### DATASET EXCERPTS
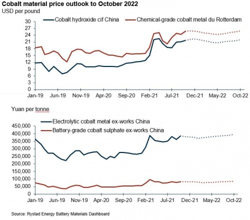 由于交易更加活躍,歐洲鈷價也有所上漲。2021年10月,化工級金屬鈷鹿特丹交貨價約為25.80美元/磅(見圖3),較上月上漲5.7%。
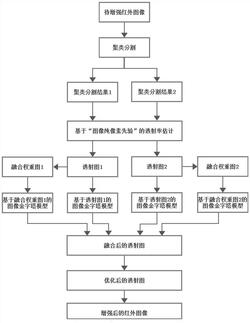 3.根据权利要求1所述的一种基于透射图融合的红外图像增强方法,其特征是,S2中,利用图像纯像素先验在不同聚类结果的各子区域内分别进行独立的透射率估计,具体过程如下:式中:ξ(·)是纯像素比例统计函数,用于对增强后的图像进行纯像素比例统计;对I1和I2的各子区域集分别进行独立的透射率估计,便可得到I1和I2对应的透射图t1和t2。
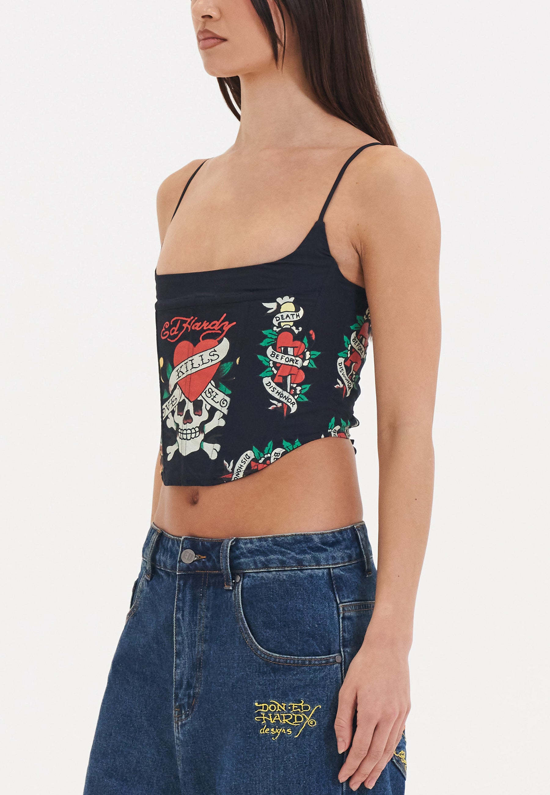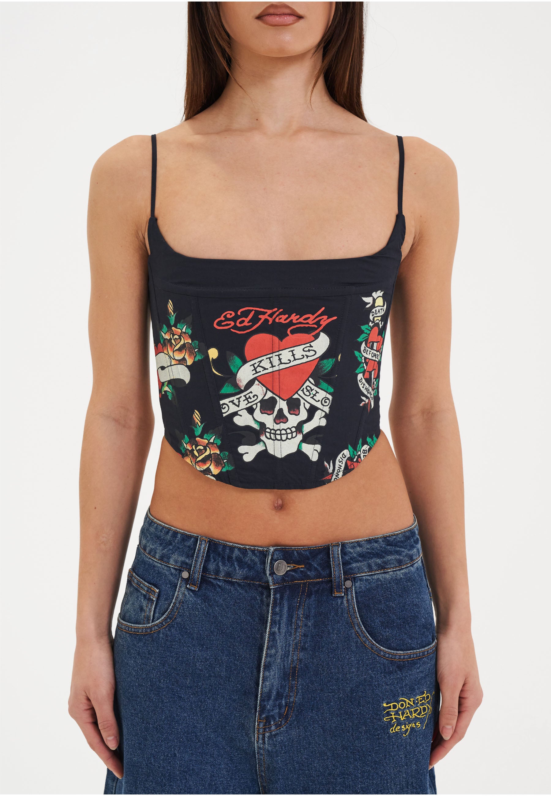 Stand out with the Love Kills Corset Top, an expression of unapologetic rebellion.
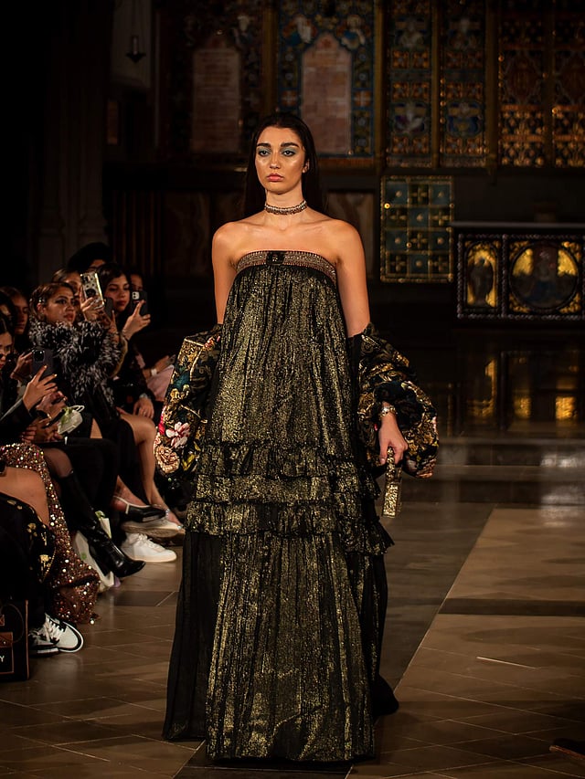 While his previous collection focused on nocturnal floral beauty, using nature-inspired colours and silhouettes, Damned Soul — An Eruption, in contrast explores contemporary freedom with dark soul symbolism, featuring sequin embroidery and metallic textures, signature baroque print, blending avant-garde design with mental serenity themes.
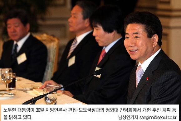 노무현 대통령은 이날 지역언론사 편집·보도국장들과의 청와대 오찬간담회에서 “지역균형발전에 대한 2단계 정책을 지금 다듬고 있다.”면서 “연내 입법할 계획”이라고 말했다. 노 대통령은 2단계 균형발전과 관련,“벌써 균형발전의 결과를 가지고 성공·실패를 얘기하는 것은 좀 무리”라면서 “그러나 수도권 흡입력의 큰 흐름으로 봐서는 지금까지의 정책으로는 너무 느리거나 좀 부족하다는 생각이 들어서”라고 취지를 설명했다.
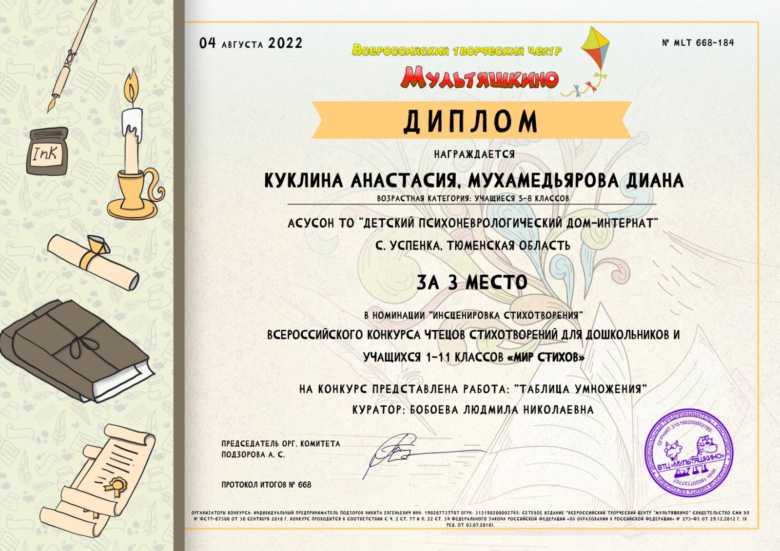 Чтение стихов – это особое искусство. Именно поэтому наши дети любят участвовать в конкурсах чтецов. Всероссийский творческий центр «Мультяшкино» в июле месяце объявил конкурс для дошкольников и учащихся 1-11 классов «Мир стихов». В номинации «инсценировка стихотворения» на суд жюри была представлена работа «Таблица умножения».
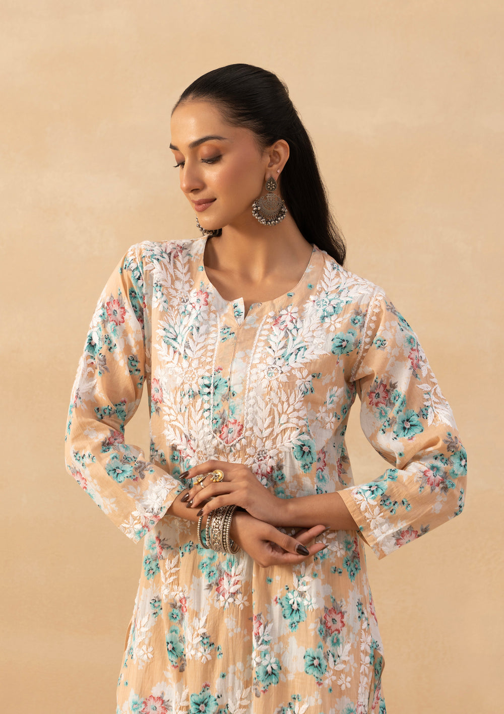 To style a chikankari kurta set, balance elegance and comfort by choosing lightweight fabrics and accessorize as per your style to stand out. Here is how you can style our quintessential Chikankari short kurta for women
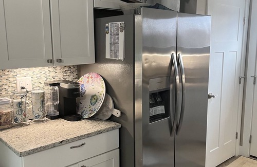 The kitchen features granite countertops and stainless steel appliances along with a toaster, Keurig coffee maker, ninja blender, air popper, instant pot, hand blender, immersion blender, kitchenaid stand mixer, and can opener. There are multiple utensils, cookie sheets and casserole dishes. The pantry contains all the spices and seasonings you could need for a gourmet dinner.
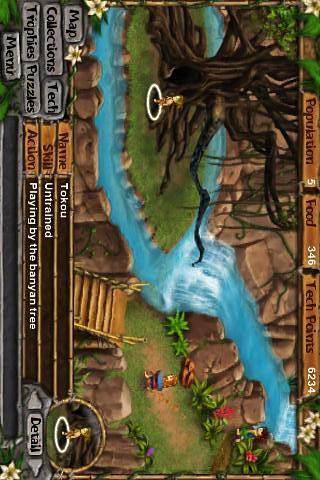 5.蝴蝶:需要完成小溪。需要有刀。可能需要升FARMING或DENDROLOGY。等溪水让黑莓下的草(STALK)回复生机后(蝴蝶会飞来),把小人放上去,他会找刀割草,然后满身草汁(蝴蝶会跟着他)。这时吊起小人,慢慢向树洞移动(不要太快蝴蝶跟不上)(最好把SPEED改成SLOW)。放到树洞,让小人把草汁擦树上。

### WHAT TO DO
Leaving the pictures out, output the material exactly as it appears.

### RESULT FOR THIS TASK
 由于交易更加活躍,歐洲鈷價也有所上漲。2021年10月,化工級金屬鈷鹿特丹交貨價約為25.80美元/磅(見圖3),較上月上漲5.7%。
 3.根据权利要求1所述的一种基于透射图融合的红外图像增强方法,其特征是,S2中,利用图像纯像素先验在不同聚类结果的各子区域内分别进行独立的透射率估计,具体过程如下:式中:ξ(·)是纯像素比例统计函数,用于对增强后的图像进行纯像素比例统计;对I1和I2的各子区域集分别进行独立的透射率估计,便可得到I1和I2对应的透射图t1和t2。
 Stand out with the Love Kills Corset Top, an expression of unapologetic rebellion.
 While his previous collection focused on nocturnal floral beauty, using nature-inspired colours and silhouettes, Damned Soul — An Eruption, in contrast explores contemporary freedom with dark soul symbolism, featuring sequin embroidery and metallic textures, signature baroque print, blending avant-garde design with mental serenity themes.
 노무현 대통령은 이날 지역언론사 편집·보도국장들과의 청와대 오찬간담회에서 “지역균형발전에 대한 2단계 정책을 지금 다듬고 있다.”면서 “연내 입법할 계획”이라고 말했다. 노 대통령은 2단계 균형발전과 관련,“벌써 균형발전의 결과를 가지고 성공·실패를 얘기하는 것은 좀 무리”라면서 “그러나 수도권 흡입력의 큰 흐름으로 봐서는 지금까지의 정책으로는 너무 느리거나 좀 부족하다는 생각이 들어서”라고 취지를 설명했다.
 Чтение стихов – это особое искусство. Именно поэтому наши дети любят участвовать в конкурсах чтецов. Всероссийский творческий центр «Мультяшкино» в июле месяце объявил конкурс для дошкольников и учащихся 1-11 классов «Мир стихов». В номинации «инсценировка стихотворения» на суд жюри была представлена работа «Таблица умножения».
 To style a chikankari kurta set, balance elegance and comfort by choosing lightweight fabrics and accessorize as per your style to stand out. Here is how you can style our quintessential Chikankari short kurta for women
 The kitchen features granite countertops and stainless steel appliances along with a toaster, Keurig coffee maker, ninja blender, air popper, instant pot, hand blender, immersion blender, kitchenaid stand mixer, and can opener. There are multiple utensils, cookie sheets and casserole dishes. The pantry contains all the spices and seasonings you could need for a gourmet dinner.
 5.蝴蝶:需要完成小溪。需要有刀。可能需要升FARMING或DENDROLOGY。等溪水让黑莓下的草(STALK)回复生机后(蝴蝶会飞来),把小人放上去,他会找刀割草,然后满身草汁(蝴蝶会跟着他)。这时吊起小人,慢慢向树洞移动(不要太快蝴蝶跟不上)(最好把SPEED改成SLOW)。放到树洞,让小人把草汁擦树上。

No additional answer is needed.